The naira strengthened across segments of the foreign exchange (FX) market on Monday despite a decline in weekly FX inflows at the official window.

Data published by the Central Bank of Nigeria (CBN) showed that at the Nigerian Foreign Exchange Market (NFEM), the naira appreciated marginally by N1.54, with the dollar quoted at N1,429.30 on Monday, compared with N1,430.84 on Friday, the first trading day of the year.

In the parallel market, also known as the black market, the local currency also recorded gains, appreciating by 0.7 percent or N10 to close at N1,490 per dollar on Monday, from N1,500 on Friday.

Despite the gains in the naira, FX inflows into the NFEM window declined by 20.67 percent week on week to $593.70 million from $748.40 million in the previous week, according to a weekly report by Coronation Merchant Bank. The slowdown was attributed to softer market activity at the start of the year, alongside reduced participation from offshore investors.

Local sources remained the dominant contributors to FX inflow, accounting for 82.95 percent of total inflows. These were led by individuals, who contributed $165.1 million, followed by the CBN with $128.00 million and exporters and importers with $115.6 million.

On the external front, FX inflow weakened further, contributing just 17.05 percent of total inflows. Foreign portfolio investments declined sharply by 72.91 percent week on week to $46.00 million from $169.8 million in the prior week, while foreign direct investments fell by 81.87 percent to $7.00 million from $38.60 million previously.

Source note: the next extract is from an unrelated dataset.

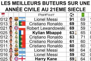 在21世紀(jì)自然年進(jìn)球榜上,姆巴佩63球的成績已經(jīng)超越2012年的C羅來到第4。在2025年皇馬僅剩2場(chǎng)比賽,想達(dá)到2013年C羅、2021年萊萬的69球已經(jīng)幾乎不可能。在這份榜單的榜首,2012年梅西的91球仍遙不可及。

Meanwhile, the CBN’s gross external reserves edged up by 0.58 percent, rising by $264.56 million at the start of the year to $45.50 billion, and increasing further to $45.56 billion as of January 2, 2025.

Analysts at Coronation Research said that in the near term, the naira is expected to trade within a relatively stable range at the official window, supported by CBN intervention and a seasonal easing of FX demand following year-end pressures.